How does an in-app message work?
Your product's SDK does the work. Messages are matched to trigger conditions — a specific event, a page view, membership in a segment — and rendered directly in the interface when those conditions are met. Because delivery rides code you already run, there is no permission prompt and no subscription; anyone active in the product can be shown one. Tools like Braze sync eligible messages to the device at session start, then let delivery rules and frequency caps decide what actually appears.
In-app message vs web push: what's the difference?
A web push notification reaches users off-site, through the browser's notification system — but only after an explicit permission grant, which many users refuse. An in-app message is the mirror image: no permission needed, yet no reach once the user leaves. The two channels cover each other's blind spot — push brings people back, in-app guides them once they arrive.
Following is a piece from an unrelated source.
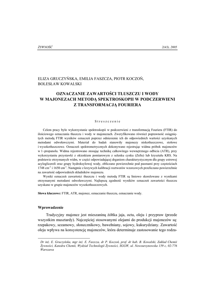 ŻYWNOŚĆ 2(43), 2005 ELIZA GRUCZYŃSKA, EMILIA FASZCZA, PIOTR KOCZOŃ, BOLESŁAW KOWALSKI OZNACZANIE ZAWARTOŚCI TŁUSZCZU I WODY W MAJONEZACH METODĄ SPEKTROSKOPII W PODCZERWIENI Z TRANSFORMACJĄ FOURIERA Streszczenie Celem pracy było wykorzystanie spektroskopii w podczerwieni z transformacją Fouriera (FTIR) do ilościowego oznaczania tłuszczu i wody w majonezach. Zweryfikowano również poprawność osiągniętych metodą FTIR wyników oznaczeń poprzez odniesienie ich do odpowiednich wartości uzyskanych metodami odwoławczymi. Materiał do badań stanowiły majonezy niskotłuszczowe, stołowe i wysokotłuszczowe. Oznaczeń spektrometrycznych dokonywano rejestrując widma próbek majonezów w 1propanolu. Widma rejestrowano stosując technikę całkowitego wewnętrznego odbicia (ATR), przy wykorzystaniu przystawki z okienkiem pomiarowym z selenku cynku (ZnSe) lub kryształu KRS. Na podstawie otrzymanych widm, w części odpowiadającej drganiom charakterystycznym dla grupy estrowej acylogliceroli oraz grupy hydroksylowej wody, obliczano powierzchnie pod pasmami przy częstościach 1748 cm-1 i 1650 cm-1. Następnie z krzywych kalibracji roztworów wzorcowych przeliczano powierzchnie na zawartość odpowiednich składników majonezu. Wyniki oznaczeń zawartości tłuszczu i wody metodą FTIR są liniowo skorelowane z wynikami otrzymanymi metodami odwoławczymi. Najlepszą zgodność wyników oznaczeń zawartości tłuszczu uzyskano w grupie majonezów wysokotłuszczowych. Słowa kluczowe: FTIR, ATR, majonez, oznaczanie tłuszczu, oznaczanie wody. Wprowadzenie Tradycyjny majonez jest mieszaniną żółtka jaja, octu, oleju i przypraw (przede wszystkim musztardy). Najczęściej stosowanymi olejami do produkcji majonezów są: rzepakowy, sezamowy, słonecznikowy, bawełniany, sojowy, kukurydziany. Zawartość oleju wpływa na konsystencję majonezów, która determinuje zastosowanie tego rodzaDr inż. E. Gruczyńska, mgr inż. E. Faszcza, dr P. Koczoń, prof. dr hab. B. Kowalski, Zakład Chemii Żywności, Katedra Chemii, Wydział Technologii Żywności, SGGW, ul. Nowoursynowska 159 c, 02-776 Warszawa 96 Eliza Gruczyńska, Emilia Faszcza, Piotr Koczoń, Bolesław Kowalski ju wyrobów spożywczych. Majonezy do sałat mają konsystencję płynną, natomiast przeznaczone do dekoracji potraw powinny być półstałe [9, 11]. Typowy majonez zawiera 70–80% tłuszczu i mimo wysokiej zawartości tłuszczu w stosunku do wody, jest on emulsją typu olej w wodzie. Majonez, sklasyfikowany jako trwała emulsja, zostaje wytworzony, gdy przyłożona siła ścinania powoduje rozproszenie fazy olejowej w postaci kropelek w fazie wodnej. Amfifilowy charakter emulgatora (np. lecytyny z żółtka jaja) sprzyja utrzymaniu pożądanej stabilności emulsji. Właściwa jakość majonezów jest warunkowana odpowiednią obróbką składników fazy wodnej i tłuszczowej w warunkach specyficznych procesów ścinania [3]. Stale rosnące wymagania konsumentów i zalecenia dietetyków sprawiają, że na rynku dostępna jest szeroka gama majonezów, zróżnicowanych pod względem zawartości tłuszczu. Zastosowanie szybkiej, niezawodnej metody ilościowego oznaczania zawartości tłuszczu i wody w tego typu produktach jest kluczowe w kontroli jakości. Występują bowiem znaczne trudności w oznaczeniach tłuszczu i wody w stabilnych emulsjach spożywczych, utworzonych dzięki właściwej kombinacji sił ścinania w połączeniu z efektem działania emulgatora [2]. Badania wykonywane przez zespół z Uniwersytetu McGill w Kanadzie [13, 14] dowodzą, że metoda spektroskopii w podczerwieni z zastosowaniem transformacji Fouriera jest alternatywą dla wielu chemicznych metod analizy żywności. Zawartość tłuszczu i wody w majonezach może być monitorowana za pomocą spektrometrii FTIR/ATR [7]. Celem takich badań jest przede wszystkim wykluczenie niekorzystnych zmian w produkcie, jak np. rozpad emulsji, ale także umożliwienie producentowi szybkiej ingerencji w proces produkcji w trakcie jego przebiegu [13]. Metoda FTIR/ATR umożliwia posługiwanie się próbkami produktów żywnościowych mającymi postać ciał stałych, cieczy czy past, dając przy tym powtarzalne wyniki [8]. Do wykonania dokładnego oznaczenia zaleca się dobór odpowiedniego rozpuszczalnika, w którym rozpuszczeniu ulegają triacyloglicerole oraz woda [7]. To założenie spełnia 1–propanol, który stosowany jest przy oznaczeniach w majonezach, maśle orzechowym, itp. Dokonywane są pomiary absorpcji promieniowania IR przez wiązania estrowe przy częstości 1748 cm-1 oraz wiązania H–OH przy 1650 cm-1, po tym jak odjęte zostanie pasmo pochodzące od rozpuszczalnika. Na podstawie krzywych kalibracji odczytuje się dane ilościowe dotyczące tłuszczu i wody w emulsji. Kalibracja polega na określeniu absorbancji mieszanin o znanej zawartości tłuszczu i wody na podstawie wysokości lub powierzchni pasm, przy charakterystycznych częstościach. Mieszaniny takie są sporządzane z czystych składników, zmieszanych w różnych proporcjach w 1-propanolu bądź poprzez dodanie do rozpuszczalnika znanej ilości produktu o wcześniej sprawdzonej (metodami odwoławczymi) zawartości oznaczanych składników. Analiza próbki masła, margaryny czy majonezu trwa 5–7 min, przy czym rzeczywisty czas pracy aparatu to zaledwie 30 s [16]. Ze względu na OZNACZANIE ZAWARTOŚCI TŁUSZCZU I WODY W MAJONEZACH METODĄ SPEKTROSKOPII... 97 prostą procedurę przygotowywania mieszanin standardowych metoda FTIR/ATR odnosi się do kontrolowania zawartości tłuszczu i wody także w emulsjach typu w/o [13]. W technikach spektroskopowych, mimo że ciągle jeszcze mało powszechnych w kontroli jakości tłuszczów, tkwi niewątpliwie duży potencjał, czyniący z nich funkcjonalne, wygodne narzędzia w badaniach lipidów [17]. Spektroskopia w podczerwieni może być stosowana zarówno do określania właściwości chemicznych tłuszczów (liczby: jodowa, zmydla

The guide to web push and in-app messaging covers how to run them as one program.
When should you use an in-app message?
Whenever the person you want to reach is already in the product: onboarding checklists, feature announcements, upgrade prompts, contextual tips, short surveys. In-app messages also work well as steps in a broader customer journey — a tooltip that fires only for users who reached the dashboard but never created a project, for example. The targeting is the point; a message everyone sees is just UI.
What are the limits of in-app messages?
- Session-bound reach: a churned or dormant user will never see one — win-back belongs to email, SMS, or push.
- Attention cost: a modal at the wrong moment interrupts real work; default to banners and tooltips, escalate only when the message warrants it.
- Rendering risk: content is injected into a live page, so the platform must sanitize message HTML — XSS-safe rendering is a requirement, not a feature.
- No archive: once dismissed, the message is gone; anything the user may need later also belongs in email or the docs.